About this exercise:
In the listing below, locate the line with "With a top that" and the line with "Dikutip dari CNN.com", then output both and everything between them exactly, minus any pictures.

Task data:
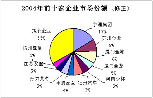 2005年客车行业前十位客车企业的市场集中度(5米以上客车)与2004年相比基本一致,保持在67%的水平,但前4位客车企业的市场集中却提高了5个百分点,由2004年38%提高到2005年的43%,市场份额(销量)分别为宇通19%(20314)、苏州金龙9%(10158)、厦门金旅8%(8814)、厦门金龙7%(7151);而5-10位企业的市场集中度却下降了5%,可见,前十位企业间的差距正在拉大,以三家金龙和宇通所形成的客车行业第一阵营企业的优势更加明显和突出。
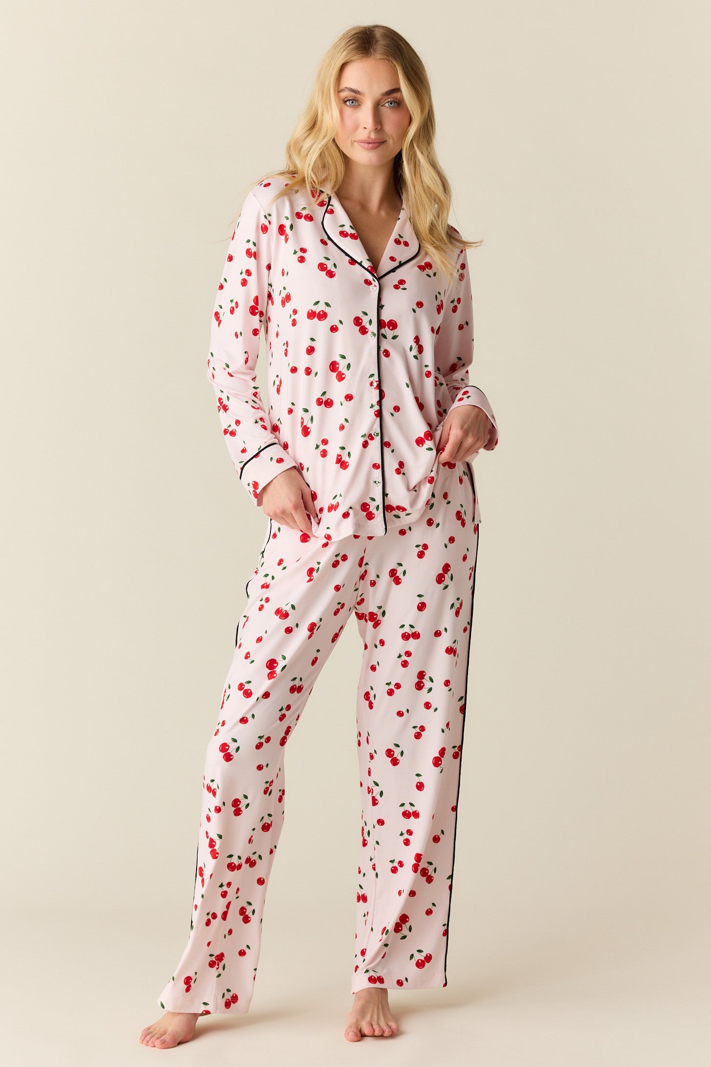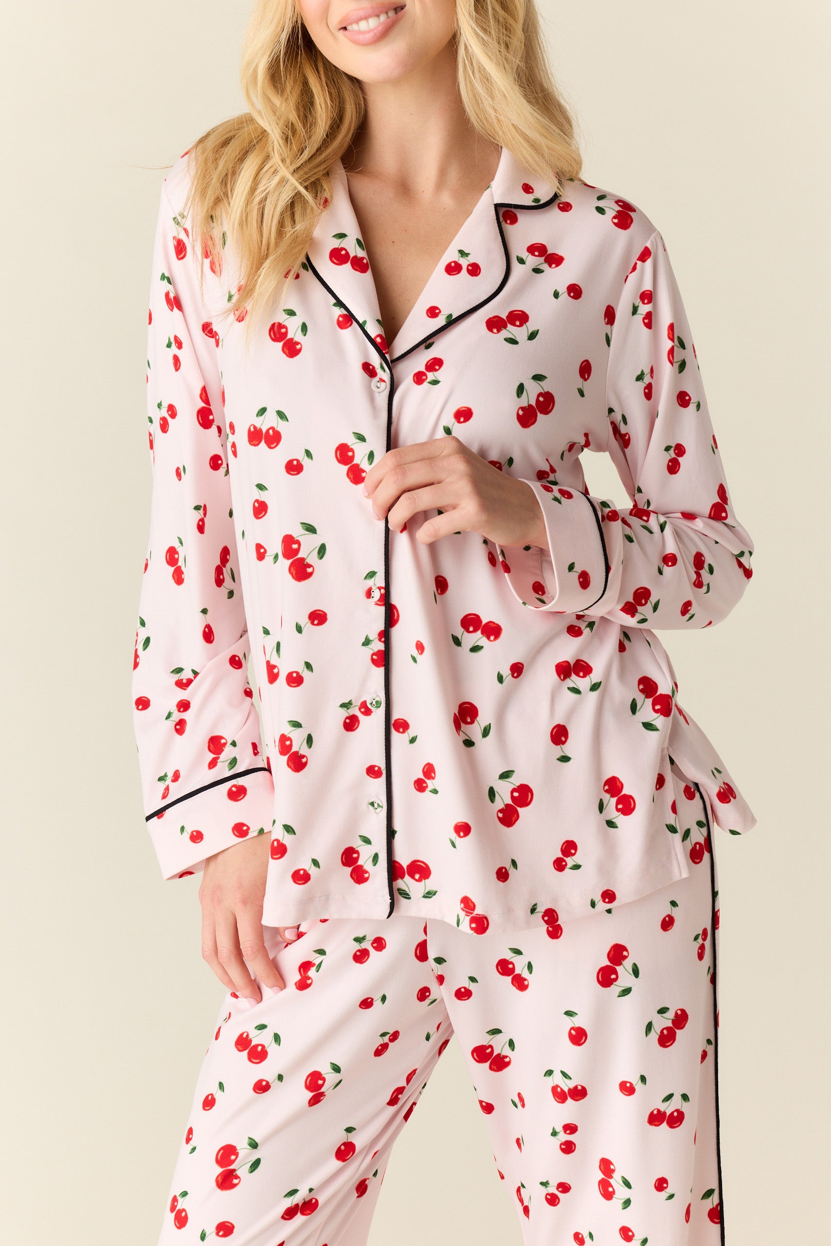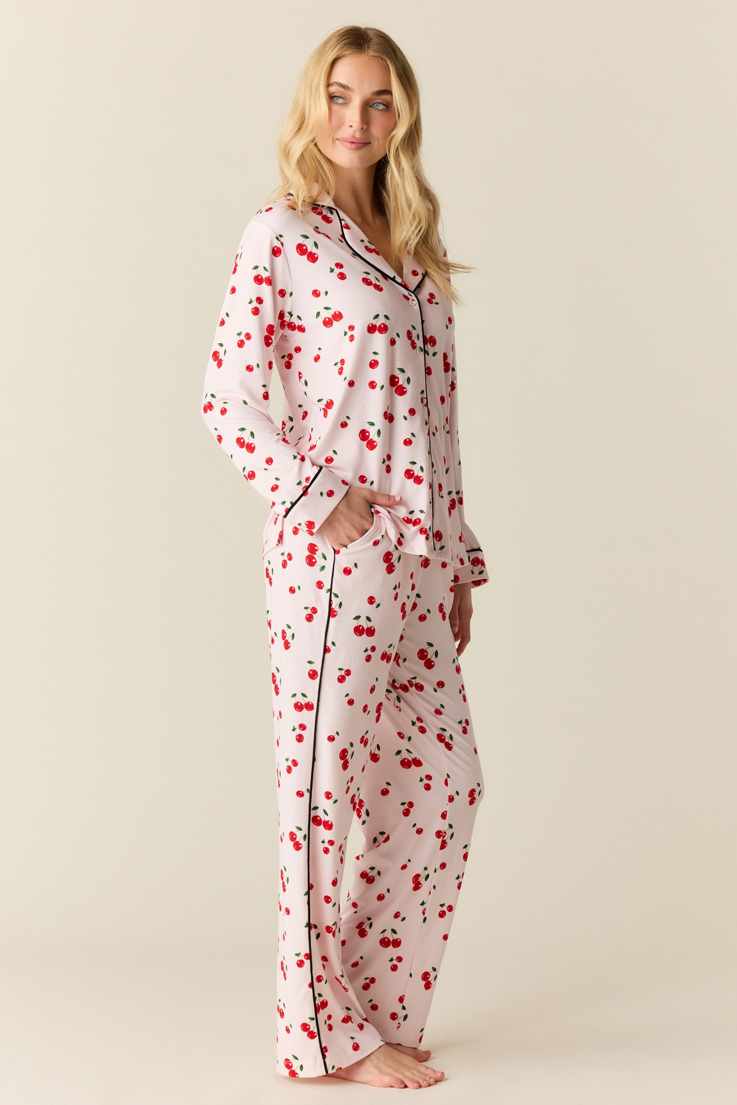 With a top that hits right below the hip and a flattering straight leg pant with pockets, it's our most sophisticated pajama yet. We've added covered buttons and contrast piping for that extra special touch.
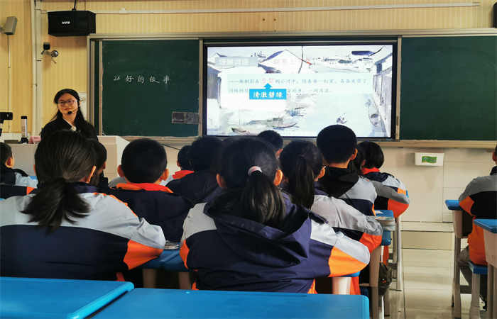 赛前,廖老师深入研读教材,查找资料,精心备课、磨课,精益求精,对上课的每一个环节都细细打磨。课前,廖老师给孩子们准备了一段视频,让孩子们能直观地认识鲁迅。因为《好的故事》是鲁迅先生写于1925年的作品,距离现在将近百年,所以要读懂这篇文章需要了解当时的背景,廖老师做好了渗透。课上,廖老师引领学生品读描绘梦境的语段,借助关键语句,感受梦境的“美丽、幽雅、有趣”,带着学生入情入境,一起感受这个“好的故事”。
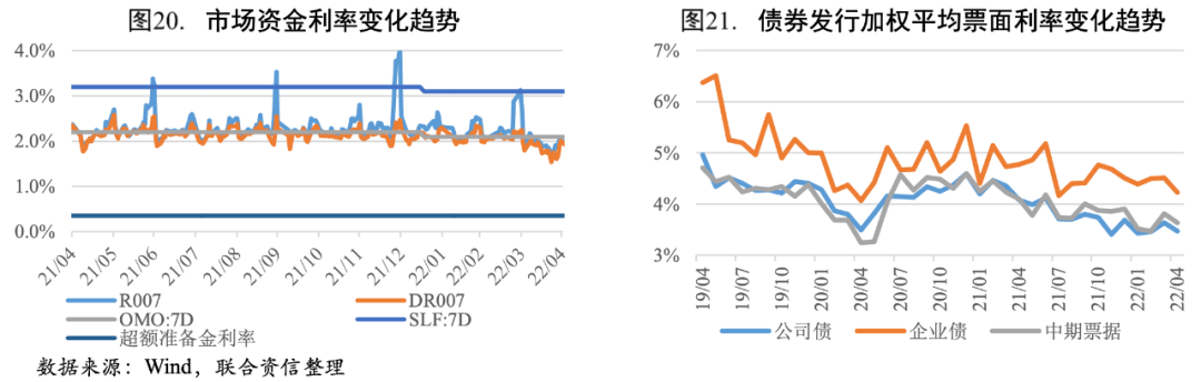 2022年4月,疫情對(duì)實(shí)體經(jīng)濟(jì)的影響進(jìn)一步顯現(xiàn),疊加房地產(chǎn)市場(chǎng)預(yù)期弱化、要素短缺及原材料等生產(chǎn)成本上漲等因素影響,居民消費(fèi)意愿和購房意愿依舊偏弱,企業(yè)經(jīng)營困難增多,有效融資需求明顯下降,社融總量與結(jié)構(gòu)雙雙走弱。央行綜合運(yùn)用多種貨幣政策工具,保持流動(dòng)性合理充裕,充分發(fā)揮貸款市場(chǎng)報(bào)價(jià)利率改革效能,發(fā)揮存款利率市場(chǎng)化調(diào)整機(jī)制作用,推動(dòng)降低企業(yè)綜合融資成本,著力改善信用環(huán)境。
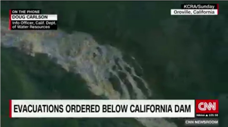 Dikutip dari CNN.com pada Senin (13/02/2017), bendungan tersebut masih utuh, tetapi katup semantara yang menahan air ketika debit air tinggi itu terkikis pada Minggu (12/2/2017).
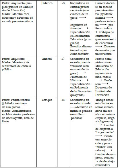Los miembros de la clase media que hemos explorado asientan sus inserciones laborales en acumulaciones de certificados escolares, en coincidencia con lo que señalan otras investigaciones sobre estos sectores (Dalle, 2010; Benza, 2014). Ahora bien, las vías para hacer valer estas titulaciones en el ámbito laboral pueden transitarse por carreras burocráticas, en empresas privadas o en emprendimientos personales o familiares. Así, una primera diferencia en el tipo de trayectorias en el interior de la clase se relaciona con las carreras: unas más meritocráticas, ligadas con la lógica burocrática (propias de tareas en el sector público, tal como aparece en nuestro análisis estadístico asociado a esta posición de clase, en ramas de salud, educación y gestión jurídico-administrativa), y otras que requieren la titulación de un modo más instrumental (por ejemplo, un martillero público en el mercado inmobiliario). La validación de las titulaciones en cada caso requiere del capital cultural institucionalizado, pero en las primeras demanda una constante inversión -que suele terminar cuando se logran posiciones consolidadas-, en tanto que entre las segundas un título terciario parece ser satisfactorio.12
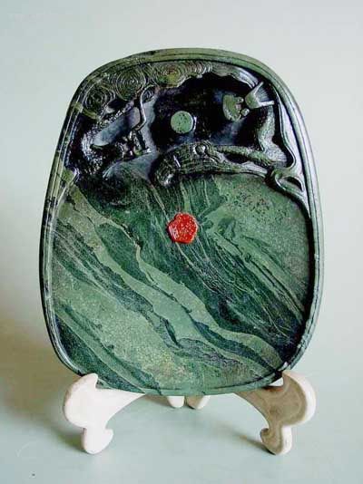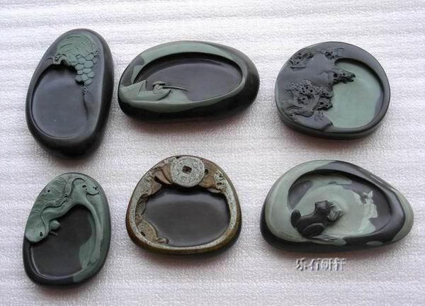 砚,在西汉时期即已使用,湖北荆州凤凰山西汉墓出土了砚,我国传统有四大砚,即端砚、歙砚、洮砚、澄泥砚。端砚产于广东端州(肇庆市)东郊端溪,唐代就极出名,李贺有诗日:“端州石工巧如神,踏天磨刀割紫云”,赞石工攀登高处凿取紫色岩石来制砚。端砚有“群砚之首“的称誉,石质细腻、坚实、幼嫩、滋润,扪之若婴儿之肤,。温润如玉,磨之无声,发墨光润。石上且有鸲鹆眼等自然纹理,歙砚产于徽州,徽州是府治,歙县是县治,同在一地。所以歙砚与徽墨乃是“文房四宝”中同产一地的姐妹。歙砚的特点,据《洞天清禄集》说:“细润如玉,发墨如饥油,并无声,久用不退锋。或有隐隐白纹成山水、星斗、云月异象。”端砚资源缺乏,名贵者已不多;歙县地处黄山之阳,取材广泛,近年仍有镂刻工极细之艺术大砚出产。洮河砚之石材产于甘肃临洮大河深水之底,取之极难。澄泥砚产于山西绛州,不是石砚,而是用绢袋沉到汾河里,一年后取出,袋里装满细泥沙,用来制砚。另有鲁砚,产于山东;盘谷砚,产于河南;罗纹砚,产于江西。一般说,凡石质细密,能保持湿润,磨墨无声,发墨光润的,都是较好的砚台。

Response area:
 With a top that hits right below the hip and a flattering straight leg pant with pockets, it's our most sophisticated pajama yet. We've added covered buttons and contrast piping for that extra special touch.
 赛前,廖老师深入研读教材,查找资料,精心备课、磨课,精益求精,对上课的每一个环节都细细打磨。课前,廖老师给孩子们准备了一段视频,让孩子们能直观地认识鲁迅。因为《好的故事》是鲁迅先生写于1925年的作品,距离现在将近百年,所以要读懂这篇文章需要了解当时的背景,廖老师做好了渗透。课上,廖老师引领学生品读描绘梦境的语段,借助关键语句,感受梦境的“美丽、幽雅、有趣”,带着学生入情入境,一起感受这个“好的故事”。
 2022年4月,疫情對(duì)實(shí)體經(jīng)濟(jì)的影響進(jìn)一步顯現(xiàn),疊加房地產(chǎn)市場(chǎng)預(yù)期弱化、要素短缺及原材料等生產(chǎn)成本上漲等因素影響,居民消費(fèi)意愿和購房意愿依舊偏弱,企業(yè)經(jīng)營困難增多,有效融資需求明顯下降,社融總量與結(jié)構(gòu)雙雙走弱。央行綜合運(yùn)用多種貨幣政策工具,保持流動(dòng)性合理充裕,充分發(fā)揮貸款市場(chǎng)報(bào)價(jià)利率改革效能,發(fā)揮存款利率市場(chǎng)化調(diào)整機(jī)制作用,推動(dòng)降低企業(yè)綜合融資成本,著力改善信用環(huán)境。
 Dikutip dari CNN.com pada Senin (13/02/2017), bendungan tersebut masih utuh, tetapi katup semantara yang menahan air ketika debit air tinggi itu terkikis pada Minggu (12/2/2017).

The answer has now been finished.